If all we want and are after is a platform that grants direct access to office without the ability to change or influence party policies and practice; then we can all rush into APC; and simply be contented with occupying offices without the power to transform or implement our own agenda.
It seems to me that if our aim and objective is genuine and radical transformation of the sort that this nation requires; one that can help lay the foundation for national liberation and reformation, as well as social emancipation; then it will require the same effort to build a genuine platform strong enough to influence the party within the APC, as it will be required to build a genuine alternative platform, independent and autonomous of the owner occupier parties, their acknowledged representatives and entrenched Godfathers & Godmothers, and the Proponents–in–chief of the new but old APC!
Across this country and in every significant Diaspora community across the world, there are activists and active citizens genuinely concerned enough about the fate of our country, to be willing to do something concrete and positively drastic about it. An increasing majority of these activists and active citizens are increasingly convinced that this requires taking a political step and actively organising politically.
This is already a huge pool of human social capital, the most significant capacity factor that we require; and although it is yet a potential, it is a potential that can be very quickly activated and actualized.
We can collectively build an alternative political platform independent of these treasury looters, and autonomous of these inept managers of our public affairs; we can if we each commit to the effort.
Although this may sound simplistic, what would it take really for each of us to commit, wherever we are to building active organised units of this new alternative party?

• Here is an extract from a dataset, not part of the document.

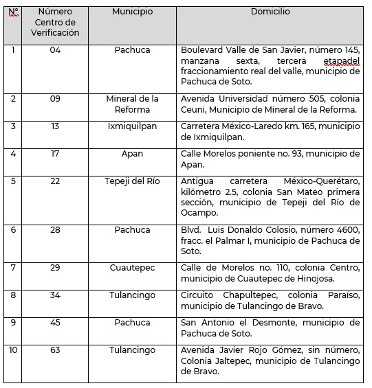 Por lo pronto, entrarán en operación tres unidades de verificación vehicular en Pachuca, dos en Tulancingo, una en Mineral de la Reforma, Ixmiquilpan, Tepeji del Río, Apan y Cuautepec de Hinojosa, en un horario de lunes a viernes de 8:30 a 18:00 horas y sábados de 8:30 a 14:00 horas.
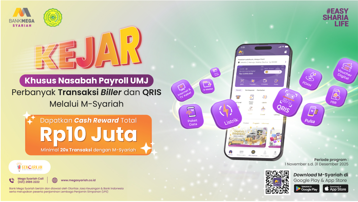 Kabar gembira untuk kamu nasabah Payroll dari Universitas Muhammadiyah Jakarta (UMJ). Dapatkan saldo tambahan di M-Syariah dengan mudah hanya dengan melakukan transaksi sehari-hari!

And actively canvass for membership for those units?
Let us say across the world we number maybe only 20,000 politically conscious activists and active citizens; let us say further that only 5,000 of us heed this call and take to organising actively and proactively this alternative party platform; let us further suppose that each of these 5,000 are able to establish active party units, and are able to convince 100, or 200 other citizens to join the unit; what this will translate into is a party with active membership base of between 500,000 and 1,000,000 members!
With such a mass movement party would we not be able to confront in political battle all the major factions of this treacherous, ruinous, gluttonous and treachery looting thieving ruling political elites; PDP and APC and the other ones?
Is it not preferable to build up the necessary political capacity in this way, still in contestation with the ruling elites, but on our own turf rather than in a blistering battle within one of their parties?
For me, and a growing number of others, the choice is clear! We lack the capacity now because we are operating as individuals or at best grouplets; we can and must build up the necessary political capacity; we can achieve this in a manner that qualitatively transforms the political process only if we build autonomously of the ruling elites!
It can be done, and it shall be done! The largest parties in Greece and Italy today did not exist two years ago; they are led by people without a link with the discredited establishment!
And they are peopled and supported by citizens disillusioned with the establishment. Our task is to provide a genuine alternative, not to help a faction of the discredited ruling elites re-invent itself.